Records from a collection:
┄┄┄┄┄┄┄┄┄┄┄┄┄┄┄┄┄┄┄┄

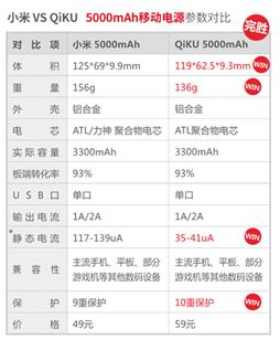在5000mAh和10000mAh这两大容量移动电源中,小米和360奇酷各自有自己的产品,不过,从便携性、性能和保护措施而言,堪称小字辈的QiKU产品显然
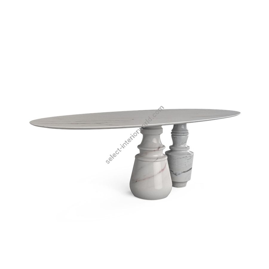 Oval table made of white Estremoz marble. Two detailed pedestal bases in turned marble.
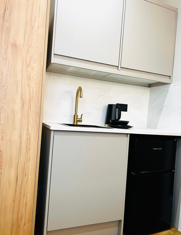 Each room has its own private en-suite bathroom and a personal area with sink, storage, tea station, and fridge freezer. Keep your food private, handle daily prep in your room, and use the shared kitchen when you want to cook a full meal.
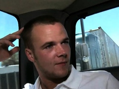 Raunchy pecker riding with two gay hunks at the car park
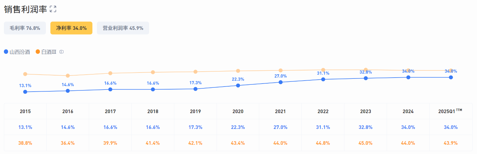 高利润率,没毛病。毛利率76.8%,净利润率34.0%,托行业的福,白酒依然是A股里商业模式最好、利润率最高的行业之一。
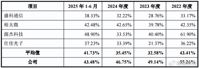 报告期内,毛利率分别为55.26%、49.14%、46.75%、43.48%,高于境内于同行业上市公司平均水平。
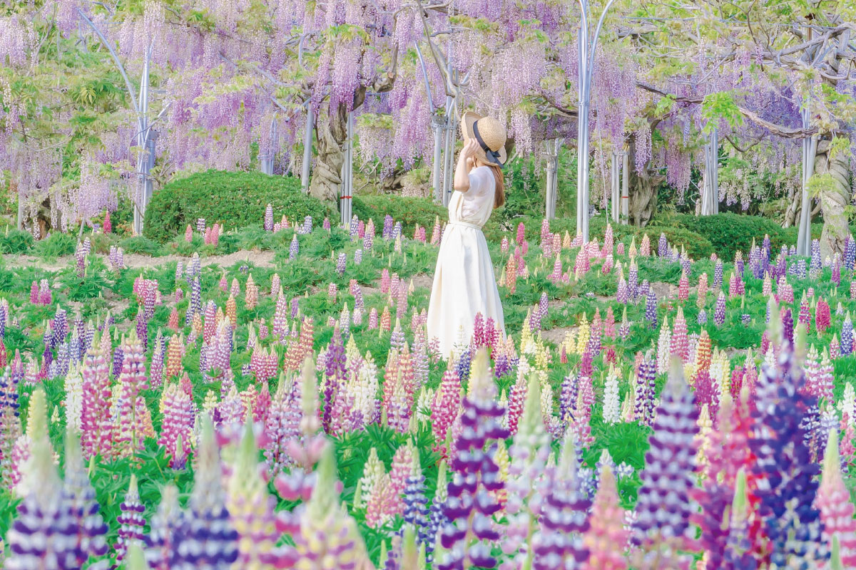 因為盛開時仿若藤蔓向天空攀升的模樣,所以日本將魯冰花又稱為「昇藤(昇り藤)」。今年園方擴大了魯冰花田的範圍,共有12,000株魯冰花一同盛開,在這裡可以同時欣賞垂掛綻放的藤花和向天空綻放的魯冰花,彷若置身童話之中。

┄┄┄┄┄┄┄┄┄┄┄┄┄┄┄┄┄┄┄┄

**WHAT YOU SHOULD DO:**
What you need to produce is an exact copy of the entries above, limited to the lines from the one with "Oval table made" up to and including the one with "Each room has", without pictures.

**WRITTEN ANSWER:**
 Oval table made of white Estremoz marble. Two detailed pedestal bases in turned marble.
 Each room has its own private en-suite bathroom and a personal area with sink, storage, tea station, and fridge freezer. Keep your food private, handle daily prep in your room, and use the shared kitchen when you want to cook a full meal.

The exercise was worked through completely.